Few early prognostic indicators are currently available for patients' families and clinicians following out of hospital cardiac arrest (OHCA), and blood biomarkers may be of prognostic value in these cases. Brain tissue is highly dependent upon aerobic respiration, and oxygen deprivation result in irreversible neuronal cell injury. Peptides released into the blood by injured neuronal cells can be measured to estimate degree of injury, and potentially predict long term neurological outcome.

Detailed Description

Aggressive treatment for patients with out-of-hospital cardiac arrest (OHCA) can result in return of spontaneous circulation (ROSC). However, prognosis for these patients remains poor, with low rates of survival to hospital admission and low rates of survival to hospital discharge. Furthermore, due to the exquisite sensitivity to hypoxic injury of neural tissue (dependent on aerobic respiration) relative to that of cardiac muscle, patients for whom ROSC can be obtained often suffer devastating neurological injury, with potential poor long-term neurological outcome.
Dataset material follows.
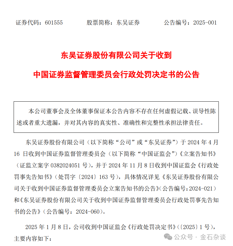 1月9日晚间,东吴证券收到证监会行政处罚书,由于在国美通讯、紫鑫药业非公开发行股票项目中未勤勉尽责,东吴证券被合计罚没1336.44万元,4名涉事保代被另行罚款共计170万元。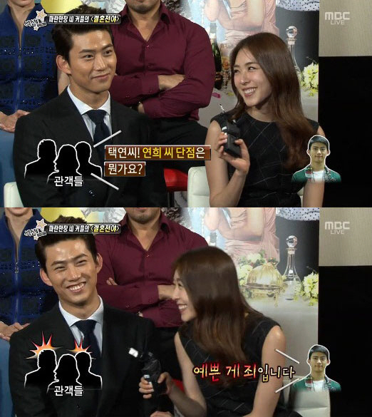 이날 리포터 서유리는 옥택연에게 "파트너 이연희 씨를 칭찬해 달라"고 요청했지만 옥택연은 우물쭈물 하는 모습을 보여 웃음을 자아냈다.

In some ischemic processes, for example, myocardial infarction, rapid measurement of cardiac biomarkers (e.g. Troponin isoform) is invaluable to current diagnosis and management. However, with regards to ischemic brain injury, there is currently no rapid, definitive diagnostic test to prognosticate outcome in OHCA. Biomarkers measurable in blood would have vital applications in prognosis and clinical research of neurological outcome in OHCA.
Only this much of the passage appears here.